The Office of Fiscal Analysis said the total amount available for transfer was more than $1.6 billion. Treasurer Shawn Wooden designated $903.6 million for TRS, which is 5% of the system’s $18.1 billion unfunded liability, and $719.7 million to SERS. The report also said that because the Budget Reserve Fund continues to exceed its statutory cap, a total of $4.07 billion, or 9.7% of the state’s unfunded liability, is projected to be transferred to the pension systems from 2022 to 2025.

“For the second year in a row and only the second time in history, Connecticut has this opportunity to responsibly pay down our long-term unfunded pension liabilities to help put the state on a more sustainable course,” Wooden said in a statement when he transferred the funds in September. “Protecting and growing our Budget Reserve Fund has led to greater liquidity [and] financial strength and put us in a stronger fiscal position throughout the pandemic.”

Never miss a story — sign up for CIO newsletters to stay up-to-date on the latest institutional investment industry news.

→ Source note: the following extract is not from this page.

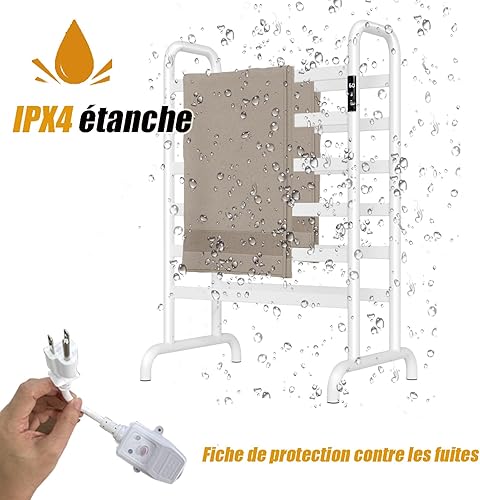 SèChe Serviette éLectrique sur Pied Seche Serviette Electrique Seche Serviette Salle De Bain éLectrique avec Protection Contre La Surchauffe avec 12 Tigesdesign Moderne Taille (60 * 92 * 43cm)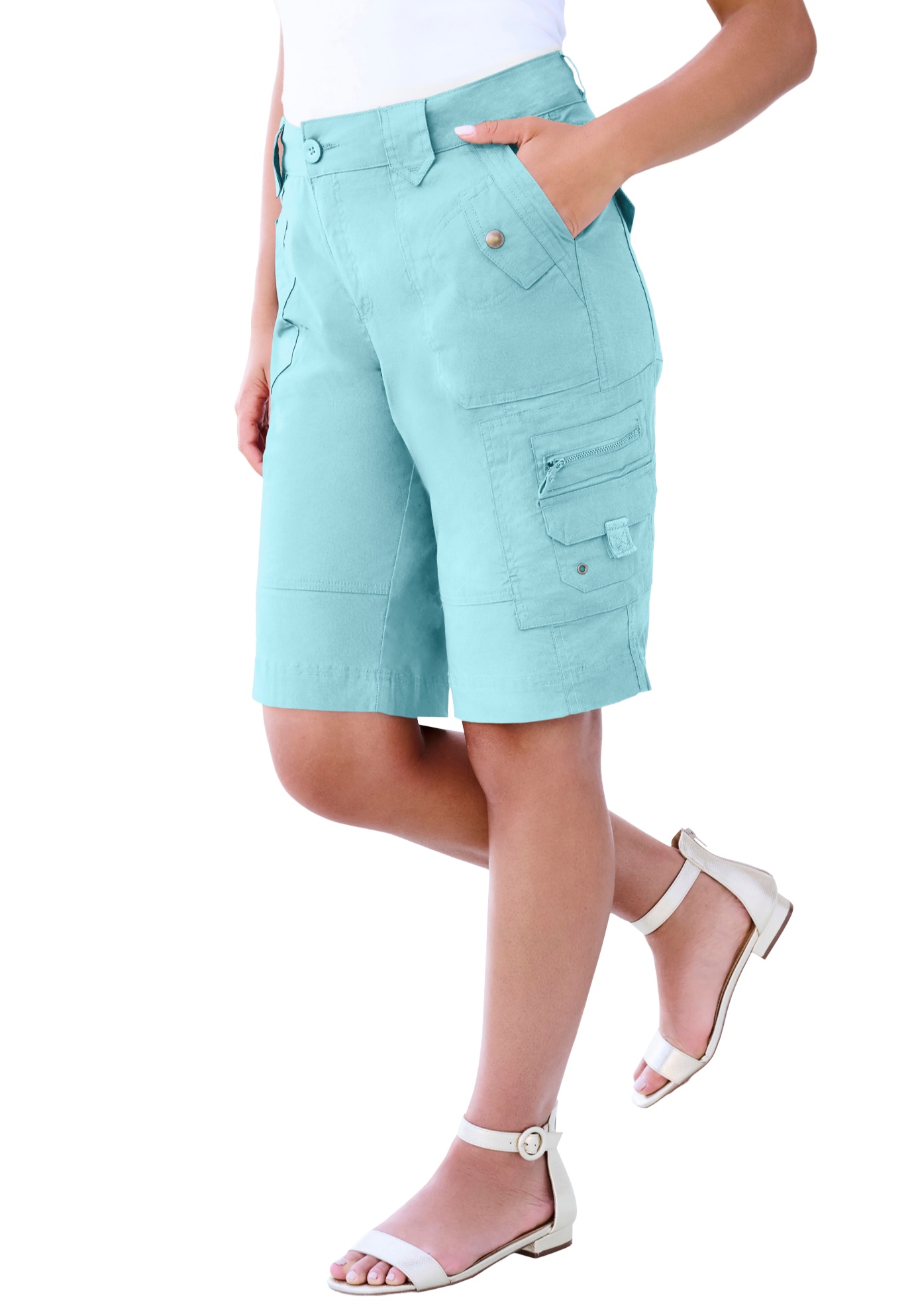 Plus Size Women's Plus Size Cargo Shorts by Roaman's in Light Turq (Size 26 W)

The Office of Fiscal Analysis said that despite initial concerns about the impact of the pandemic on state finances, fiscal years 2020 and 2021 ended with surpluses of $38.7 million and $480.9 million, respectively. It also said the impact of the pandemic “continues to be muted” as it currently projects surpluses of $915.6 million and $512.4 million in fiscal years 2022 and 2023, respectively.

However, the office warned that “significant uncertainty remains,” adding that “it is uncertain how several revenue and expenditure trends, which contribute to surpluses in the biennium, will continue into the out-years.” It also projected deficits of $931.9 million, $670.3 million, and $326.6 million for fiscal years 2024, 2025, and 2026, respectively. It attributed the deficit forecasts to the expiration of nearly $1.2 billion in fiscal year 2023 revenue replacement funding associated with the American Rescue Plan Act (ARPA).

Despite this, the report pointed out that “an encouraging note in the out-years is that revenue growth outpaces fixed-cost growth, creating a positive structural balance.”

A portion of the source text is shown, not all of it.